After Pomona I majored in music at UCLA and ended up in opera. To earn money while I was in opera school I answered an ad for experimental subjects in a sociology study at a think tank (System Development Corp, a RAND spin-off). There I worked my way up from guinea pig to computer programmer, and there I met Don. He had a physics degree from CalTech, was (is) an able pianist and a formidable cook, and was working as a programmer. We've been married since 1969.

In the early 70's, Don switched to experimental psychology, attending grad school at the fledgling UCSD, while I sang in the San Diego opera. After he finished his degree it was my turn to choose our next destination. I selected Germany for opera, and Don got a post-doc there. We lived in Germany for 5 years, loved it, hated it, a thoroughly enriching experience.

In the end, both dissatisfied with our careers, we returned to L.A., where Don went back to his old programming job. A year later he joined friends who were starting a new software company, Cuadra Associates, specializing in data systems for libraries, museums, and records managers. He is still with them after 22 years, contentedly devising new ways for people to manage their information.

Meanwhile I had grown interested in linguistics, largely from living in northern Germany while I was singing at the state theater in Flensburg, where the local language mix includes Plattdeutsch, Frisian, and rural Danish. Back in L.A., I wormed my way into my neighborhood grad school, UCLA, without realizing that the linguistics department was world famous. We also started our family about that time (the girls are now 20 and 21), so it took me 10 years of intermittent study, raising kids, PTA, and designing databases to pay the mortgage, but in the end I got a PhD in acoustic phonetics. That's the science side of linguistics: how people make and perceive the sounds of languages. And believe me there are some funny sounds. My dissertation used data from Mazatec (spoken in the mountains of eastern Oaxaca), Cherokee, Chong (northern Thailand), Tagalog (Philippines), and Mpi (Burma on the Indian border).

Lately we have slipped into managing an informal youth hostel. Our daughters' boyfriends live with us, along with whichever other friends are currently at odds with their parents. There are usually at least half a dozen young residents, spilling over into the garage when we run out of beds and couches. They face challenges most of us have never had to face: drug abuse, prison terms, diminished job opportunities, lack of structure. I haven't been able to articulate why I enjoy having them all here, but I do.

18 months ago when my database consulting contract ended, I decided it was a sign I should start a career in linguistics.
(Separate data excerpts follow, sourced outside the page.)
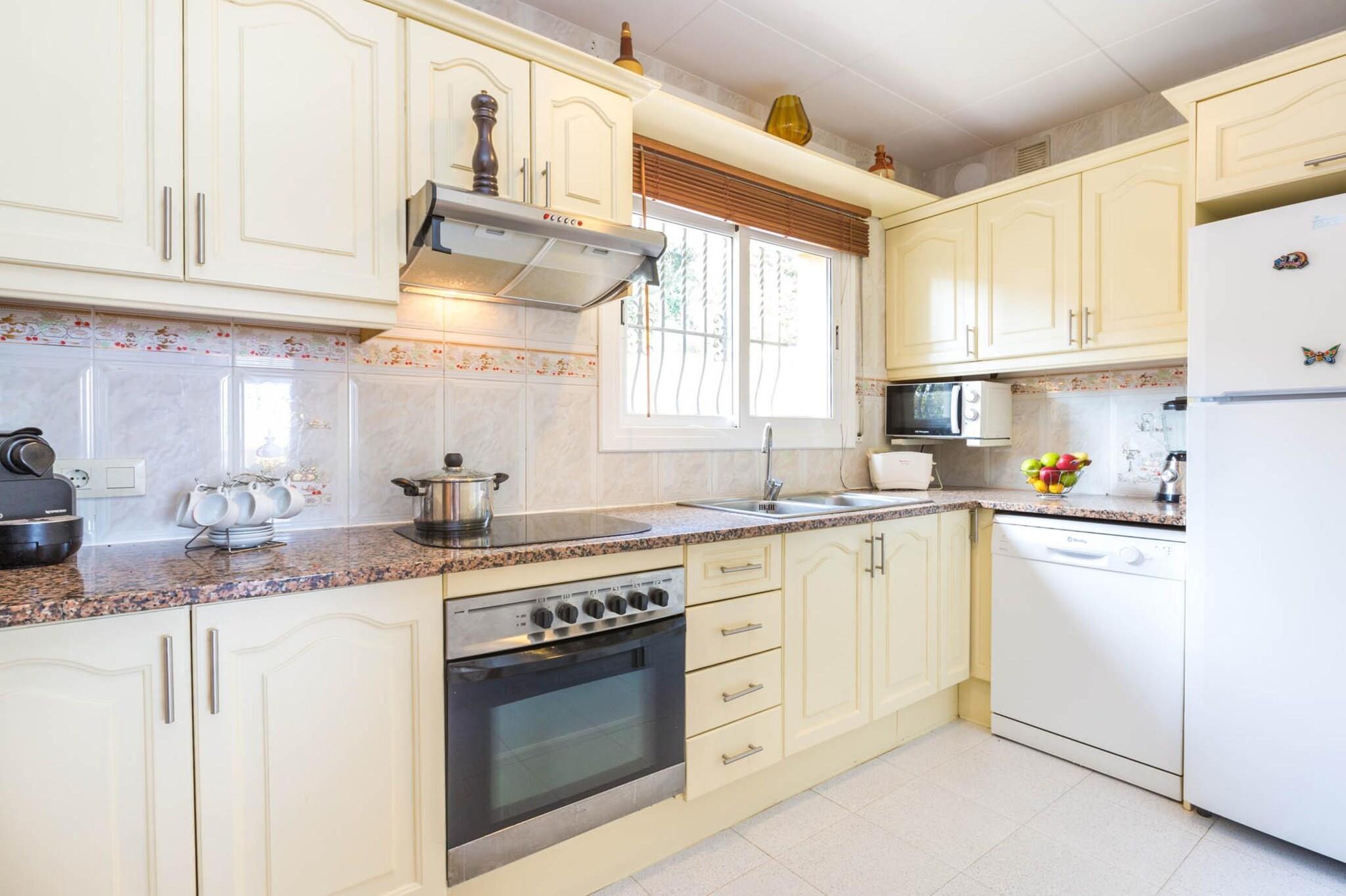 Stue(Fjernsyn(parabol), spisebord, pejs, sofahjørne), Køkken(brødrister, kaffemaskine, ovn, mikrobølgeovn, opvaskemaskine , køleskab, fryser, ), soveværelse(dobbeltseng), soveværelse(dobbeltseng), soveværelse(enkeltseng, enkeltseng), badeværelse(bruser), badeværelse(bruser), Internetadgang, vaskemaskine, varme, terrasse, have, grill, parkering, swimmingpool(privat), strygejern
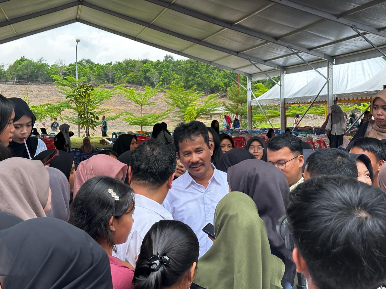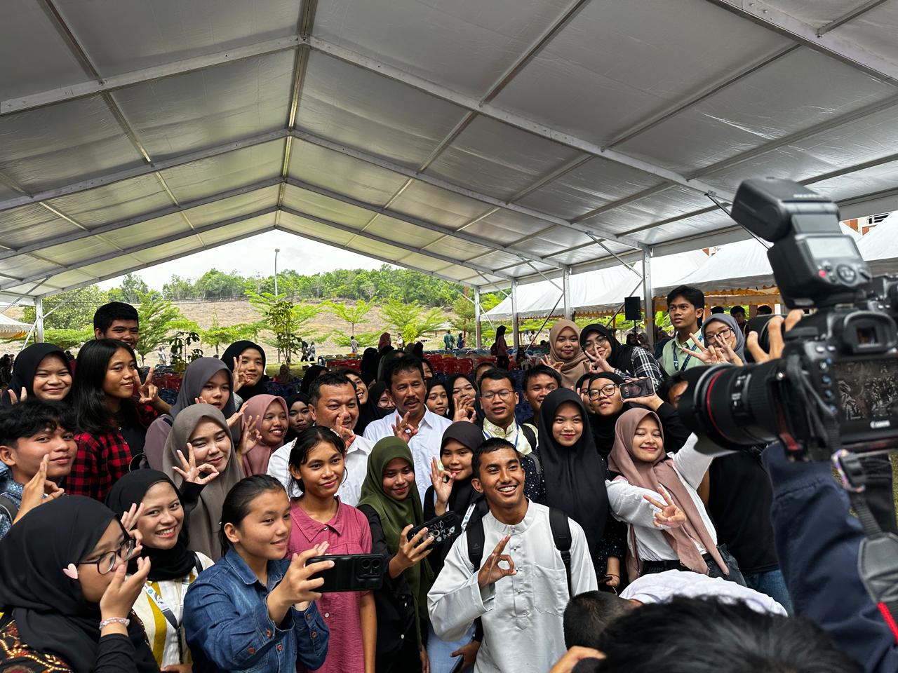 Rudi dikerumuni mahasiswa yang ingin berfoto dan menyampaikan apresiasi atas keberhasilannya membangun Batam menjadi kota metropolitan.
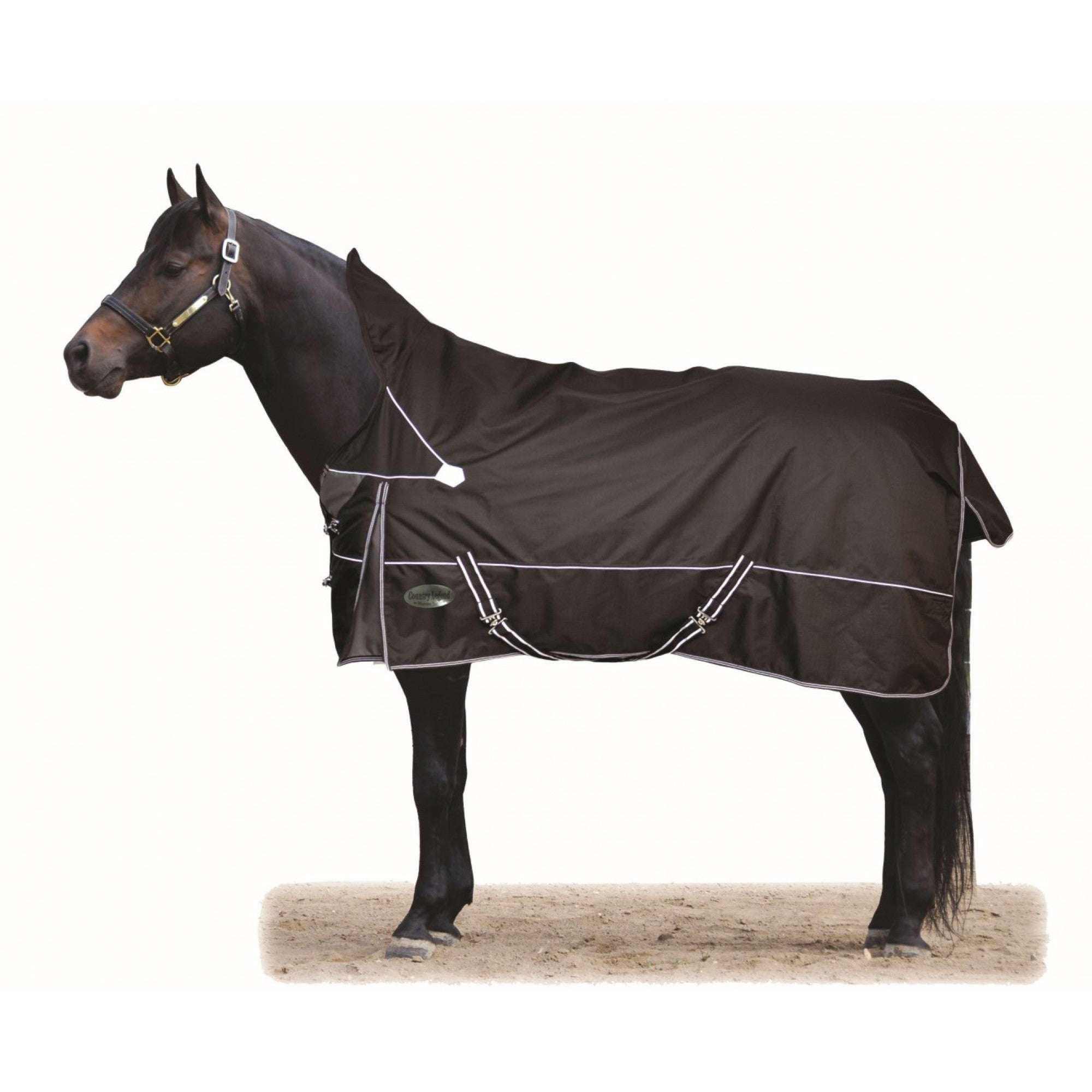 Extended neck styling offers improved coverage and helps to protect the sensitive wither area from added pressure. A stretchy, softshell neck gusset allows the horse to move without restriction. Features “Silhouette” contoured Quarter Horse fit.1200D ripstop polyester outer shellWaterproof, breathable, taped seams 280 grams of thermal insulationSilky polyester liningShoulder and...
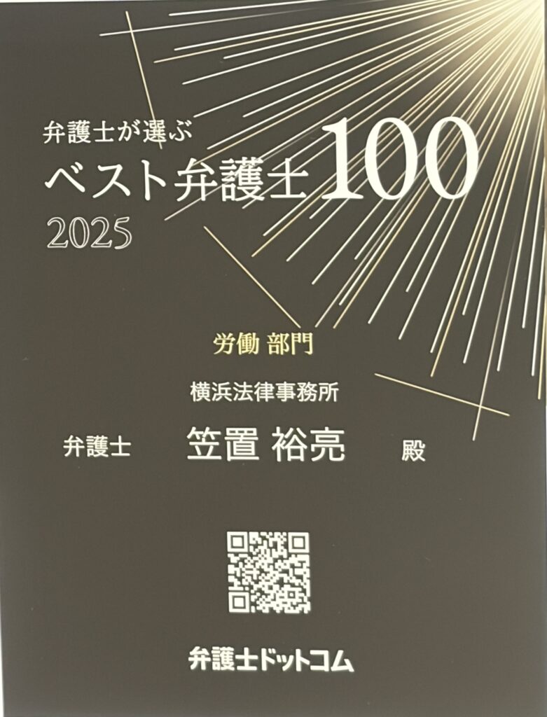 「弁護士が選ぶベスト弁護士100」2025において笠置裕亮弁護士が労働分野第7位に選ばれました(週刊東洋経済・弁護士ドットコム)
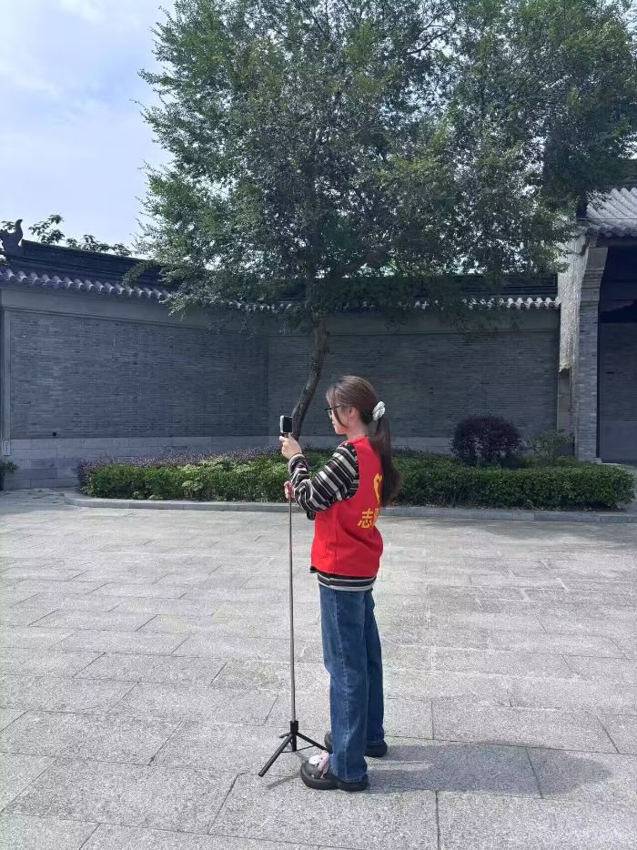 南京太仆寺遺址是小分隊(duì)實(shí)踐的另一重要場域。成員張子玄架起設(shè)備,聚焦古建筑的一磚一瓦,從建筑結(jié)構(gòu)、雕刻細(xì)節(jié)入手,拍攝太仆寺的歷史風(fēng)貌,記錄陽光灑在古墻上的光影,捕捉游客駐足參觀的瞬間。
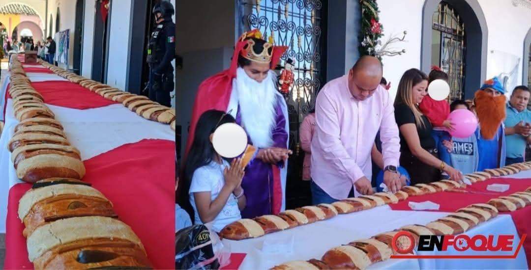 Chignautla, Pue.- Buscando dar un momento de convivencia y alegría a las familias chignautecas, el gobierno encabezado por el Presidente, Juan Toral Ramos y su esposa Monse Andrade titular del DIF, llevaron a cabo la tradicional partida de rosca de reyes este martes en los bajos del Palacio Municipal, donde hubo actividades para todos los niños y niñas con el fin de que disfrutaran este día tan especial.
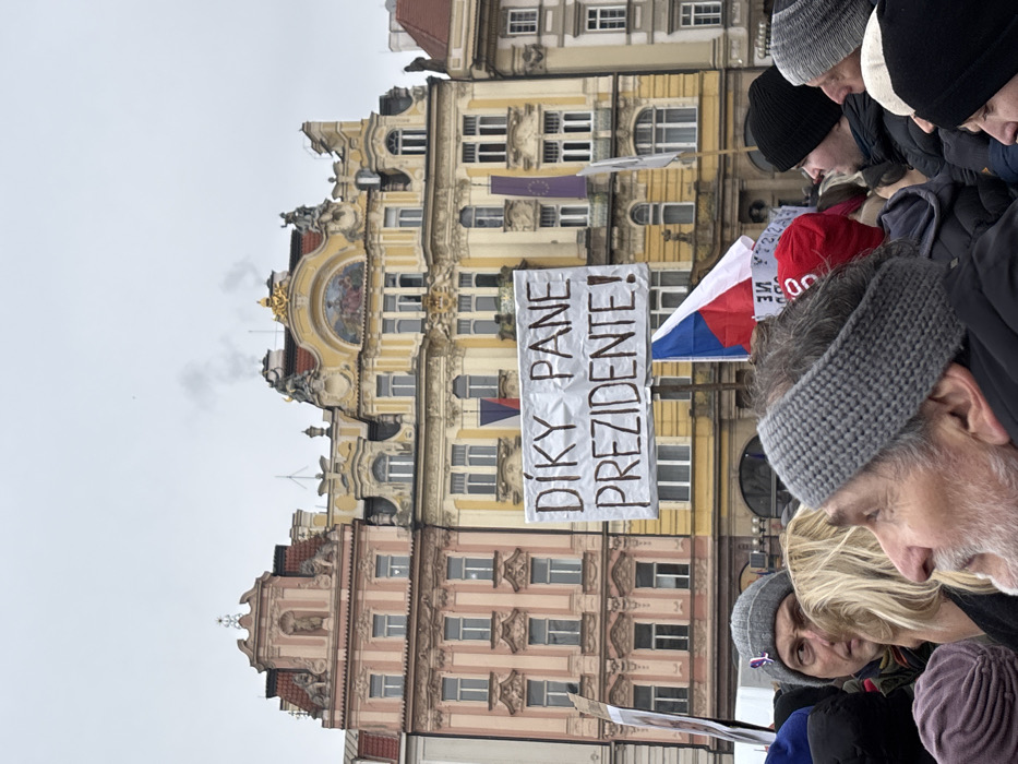 The image presents a crowded public gathering in the Old Town Square of Prague, Czechia, under an overcast sky. In the midground, a white rectangular sign, held aloft, prominently displays the hand-drawn brown text "DÍKY PANE PREZIDENTE!", translating to "THANK YOU, MR. PRESIDENT!". Below this sign, a Czech national flag is partially visible. The foreground is densely packed with the heads and shoulders of numerous individuals, predominantly wearing winter attire such as beanies and knitted headbands. The background is dominated by two ornate, multi-story historic buildings. The building on the left is pinkish-red with multiple windows and a decorated gable featuring a central statue and flanking lion sculptures. The central-right building is yellow, highly decorated with intricate details, gold accents on its roofline, an arched fresco above a central window, and emits light grey smoke from two distinct chimney stacks.

I had a few nice interviews in the high-tech world, and then the whole thing imploded. No phonetics, no databases, no openings. Finally this January I landed a temporary position teaching at UCLA. I had never dreamed of becoming a teacher, so haven't had much practice at it, but I've learned a lot of useful skills in the business world that feed nicely into it. So here I am at a new beginning, just when I'd prefer retiring to a life of eternal vacation trips.

That's my secret past. My secret future, if I ever finish paying off the education loans, will include travel, anything to do with fibers (lace making, weaving, Chinese knotting), yoga, rollerblading, hiking, and learning the viola so I can play chamber music. Everyone is looking for a violist, right?